So many companies of all shapes and sizes across every industry you can think of have big data on their minds. Business owners are scouring the Web, looking for social media experts to help them out, and SEO companies that can get them the visibility they want online. But all of that falls short of meeting any company’s bottom line if they either aren’t using data to make crucial decisions, or even worse, if they have invested in big data gathering and storage without also investing in data scientists.
Now you’re thinking, “Seriously, scientist?” We’re not talking about lab coats and graduated cylinders. But it’s important that you take this title seriously, otherwise you might wind up with the wrong contractors or employees on hand. There is a difference between someone who can gather your data and someone who can fully analyze it and make sense of it so you can use the information gathered to make more money, spend less to get there, and ultimately get a better return on investments you make everywhere from purchasing, distribution, marketing, and more.
But today, with the world of big data whirring and whizzing by almost faster than we can make use of it, plenty of under-qualified people have added the ‘scientist’ moniker to their business cards. So how do you tell the difference between a real data scientist and a poser? Because there is no “data scientist” degree (yet) other variables will help you tell who’s legit from who’s vying for the job without the proper skill set. For example, one of the immediate giveaways is that a data scientist who knows his or her stuff will demonstrate a solid understanding of strategy from the ground up. They will offer up better ways to gather data and give you an analysis of where you currently stand. If you haven’t started to use big data at all yet, a true data scientist can walk you all the way through the process, and then stay on board to help you make sense of every byte and bit that comes through. A true data scientist will be able to answer questions you have quickly and with ease.

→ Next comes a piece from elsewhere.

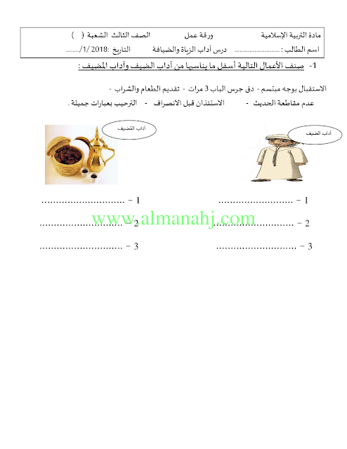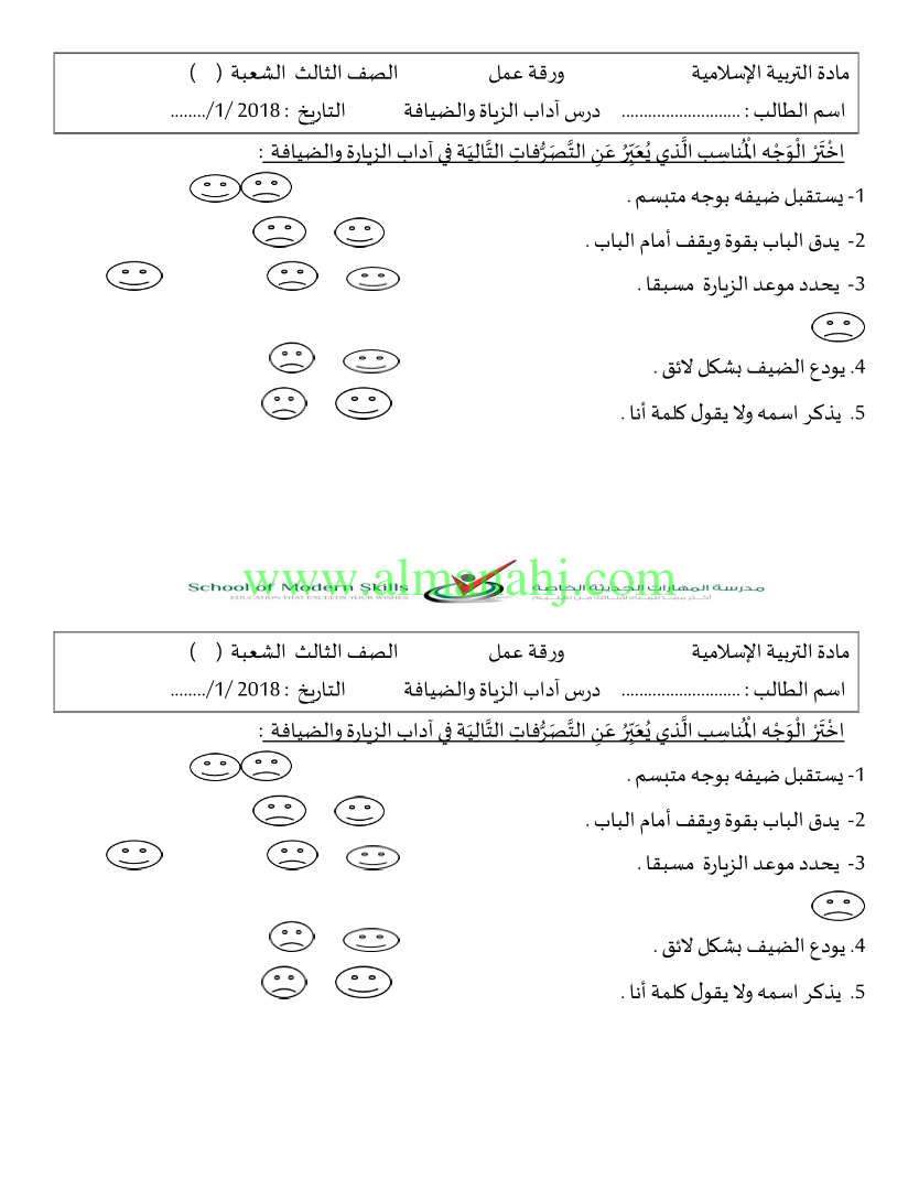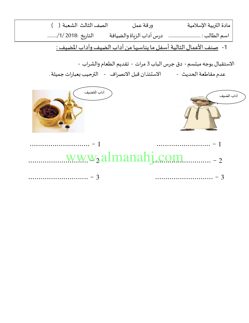 معلومات الملف: الصف الثالث, الفصل الثاني, تربية اسلامية, 2017-2018, درس ادآب الزيارة والضيافة | |||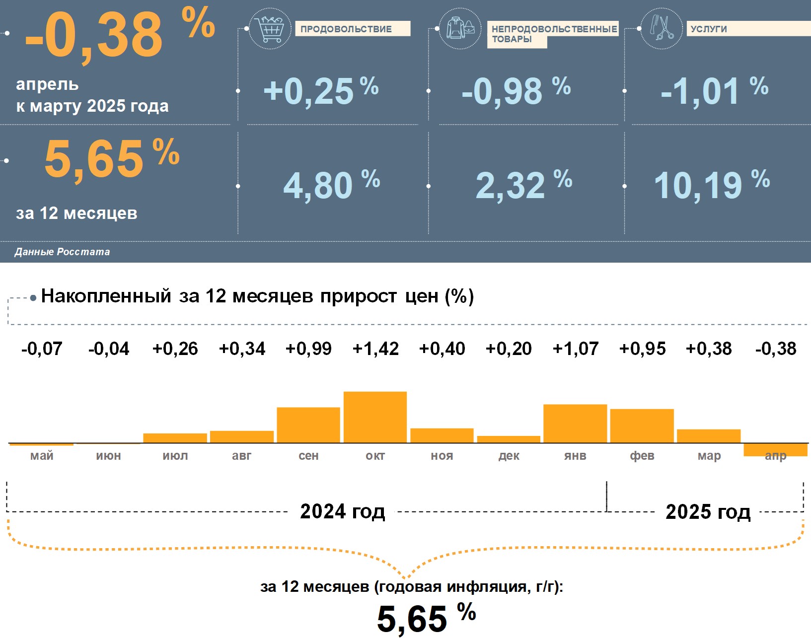 В апреле существенно подешевели непродовольственные товары и услуги. Продукты питания подорожали умеренно. Накопленным итогом за 12 месяцев сильнее всего выросли цены на услуги. Продукты питания и непродовольственные товары прибавили в цене меньше, чем потребительская корзина в целом.

You’ll want to ask them for specifics and ask for goals to be met on a set schedule. For example, every first Monday of the month all the raw data about sales converted into an easily understandable analysis that can be presented to board members, or a biweekly report about where things stand with loss prevention. Any scientist that can’t provide this is either not equal to the task or… you’re not providing them with the data they need to get the job done. If you feel the latter might be the case, do everything you can to get them what they need. If it’s a matter of budget, sit with your scientists to discuss your finances and how you can get them what they need to do their job on your budget.
The good news is that a lot of buzzwords in the big data world represent unnecessary (at least for now) tools of data management that likely won’t concern your business endeavor, at least not until you have a little more big data gathered, and a little more experience dealing with your data scientists. Let them advise you as to what you need in terms of big data housing and management, but don’t let them be the decision makers. Ultimately, the decision has to be in your hands, but to make the right choices you need to understand what your data analysis team needs to do their job right. Manage them well and respect their level of expertise. Don’t let them trample you, and trust your instinct when it comes to hiring the right people. At the end of the day in a world of big data you don’t entirely understand, there will have to be at least a modicum of mutual trust. Try to build that by understanding big data yourself and by asking questions. The only dumb questions are the ones that aren’t asked, right? In the world of big data, this adage is truer than ever.